Paris points to the sudden emergence of Azerbaijani flags alongside Kanak symbols in the protests, while a group linked to the Baku authorities is openly backing separatists while condemning Paris.

“This isn’t a fantasy. It’s a reality,” interior minister Gérald Darmanin told television channel France 2 when asked if Azerbaijan, China and Russia were interfering in New Caledonia.

“I regret that some of the Caledonian pro-independence leaders have made a deal with Azerbaijan. It’s indisputable,” he alleged.

But he added: “Even if there are attempts at interference… France is sovereign on its own territory, and so much the better”.

“We completely reject the baseless accusations,” Azerbaijan’s foreign ministry spokesman Ayhan Hajizadeh said.

“We refute any connection between the leaders of the struggle for freedom in Caledonia and Azerbaijan.”

In images widely shared on social media, a reportage broadcast Wednesday on the French channel TF1 showed some pro-independence supporters wearing T-shirts adorned with the Azerbaijani flag.

Tensions between Paris and Baku have grown in the wake of the 2020 war and 2023 lightning offensive that Azerbaijan waged to regain control of its breakaway Nagorno-Karabakh region from ethnic Armenian separatists.

France is a traditional ally of Christian Armenia, Azerbaijan’s neighbour and historic rival, and is also home to a large Armenian diaspora.

Darmanin said Azerbaijan – led since 2003 by President Ilham Aliyev, who succeeded his father Heydar – was a “dictatorship”.

On Wednesday, the Paris government also banned social network TikTok from operating in New Caledonia.

Tiktok, whose parent company is Chinese, has been widely used by protesters. Critics fear it is being employed to spread disinformation coming from foreign countries.

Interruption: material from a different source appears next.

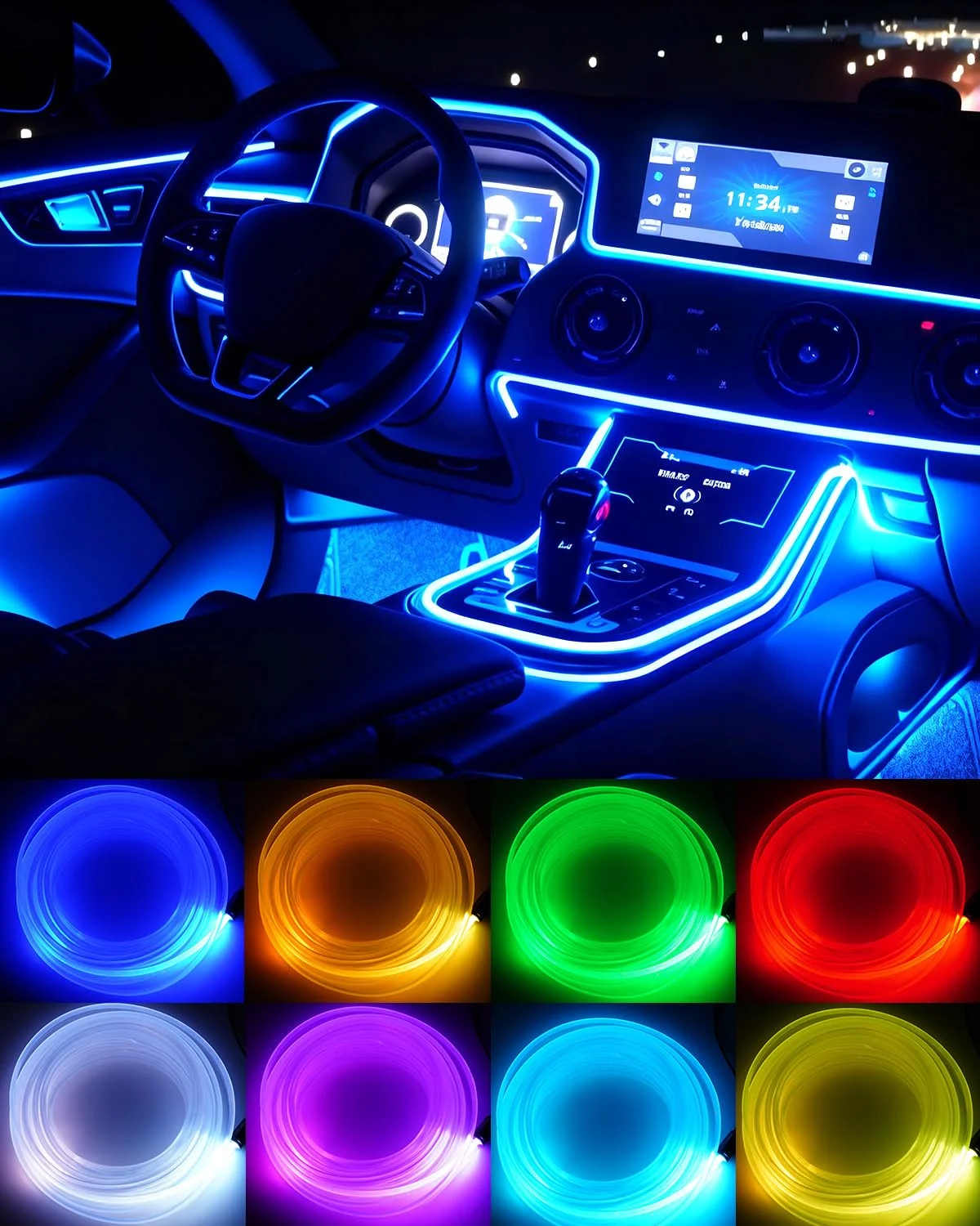 【Easy To Install】The fiber optic interior car light strip can be cut and bent freely according to your need. If the fiber optic is not bright enough, it is recommended to add one LED at each end to ensure sufficient brightness. Please use and check the lighting effect at night. The car ambient lighting kit is installed in the gap, which can provide your car with a good atmosphere effect and make your car tidy.

Azerbaijan invited separatists from the French territories of Martinique, French Guiana, New Caledonia and French Polynesia to Baku for a conference in July 2023.

The meeting saw the creation of the “Baku Initiative Group”, whose stated aim is to support “French liberation and anti-colonialist movements”.

The group published a statement this week condemning the French parliament’s proposed change to New Caledonia’s constitution, which would allow outsiders who moved to the territory at least 10 years ago the right to vote in its elections.

Pro-independence forces say that would dilute the vote of Kanaks, who make up about 40 percent of the population.

“We stand in solidarity with our Kanak friends and support their fair struggle,” the Baku Initiative Group said.

Raphael Glucksmann, the lawmaker heading the list for the French Socialists in June’s European Parliament elections, told Public Senat television that Azerbaijan had made “attempts to interfere… for months”.

He said the underlying problem behind the unrest was a domestic dispute over election reform, not agitation fomented by “foreign actors”.

But he accused Azerbaijan of “seizing on internal problems.”

A French government source, who asked not to be named, said pro-Azerbaijani social media accounts had on Wednesday posted an edited montage purporting to show two white police officers with rifles aimed at dead Kanaks.

“It’s a pretty massive campaign, with around 4,000 posts generated by (these) accounts,” the source told AFP.

“They are reusing techniques already used during a previous smear campaign called Olympia.”

In November, France had already accused actors linked to Azerbaijan of carrying out a disinformation campaign aimed at damaging its reputation over its ability to host the Olympic Games in Paris. Baku also rejected these accusations.